Target Protein Nut Portion That Gets Close What To Watch
~10 g About 1.5 oz peanuts Easy to overshoot from a big bag
~10 g About 1.5 oz pistachios Shells slow you down, which helps
~10 g About 1.75 oz almonds Measure once so “handful” matches
~10 g About 2 oz cashews Portion creeps up fast in trail mix
~10 g About 2.5 oz walnuts Lower protein density than peanuts
~10 g 2 tbsp peanut butter + 1 oz almonds Check added sugar in flavored jars
~10 g 2 tbsp almond butter + 1 oz pistachios Serving weight can shift by brand

Choosing Nuts When Sodium Or Add-Ins Matter

For people without allergies, sodium and coatings are the main “gotchas” on store shelves.

Salt Levels Vary A Lot

Dry roasted, salted nuts can carry a lot of sodium. If you snack daily, compare labels and try unsalted or lightly salted options. The same nut can swing from low sodium to a hefty dose depending on brand.

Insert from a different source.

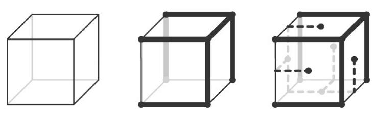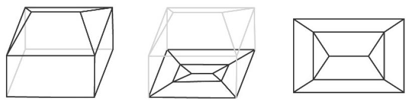 "rimuovere una faccia del poliedro, poi trasportarvi tutti gli altri vertici, ottenendo così una figura piana formata da poligoni racchiusi dal contorno della faccia rimossa"

Coatings Can Crowd Out Protein

Honey-roasted nuts, chocolate-covered nuts, and heavily seasoned blends can add sugar or starch. That extra coating takes up space that could have been nuts, so protein per serving can drop even when the serving size stays the same.

Easy Ways To Use Nuts In Meals

Nuts do their best work when they add crunch and a small protein bump to a meal that already has a main protein source. These ideas keep portions reasonable while still making the meal feel satisfying.

Breakfast

  • Greek yogurt with chopped almonds and berries
  • Oatmeal topped with a tablespoon of peanut butter and crushed peanuts
  • Eggs with a side of fruit and a small handful of pistachios

Lunch

  • Salad with chicken or beans, plus walnuts for crunch
  • Rice bowl with tofu, veggies, and cashews
  • Tuna salad with sliced almonds instead of croutons

Dinner

  • Stir-fry finished with cashews or peanuts
  • Roasted veggies topped with chopped hazelnuts
  • Fish with a pistachio crust, served with a veggie side

How This Article’s Numbers Were Put Together

The protein figures in the tables reflect common values reported in public nutrient databases for plain nuts, shown per 1 oz (28 g) and per 100 g for easy comparison. Your package label can differ due to serving size, roast style, added ingredients, and rounding rules.

USDA also documents how FoodData Central compiles and presents nutrient values, including how protein values are calculated and rounded within its data types: Foundation Foods documentation (PDF).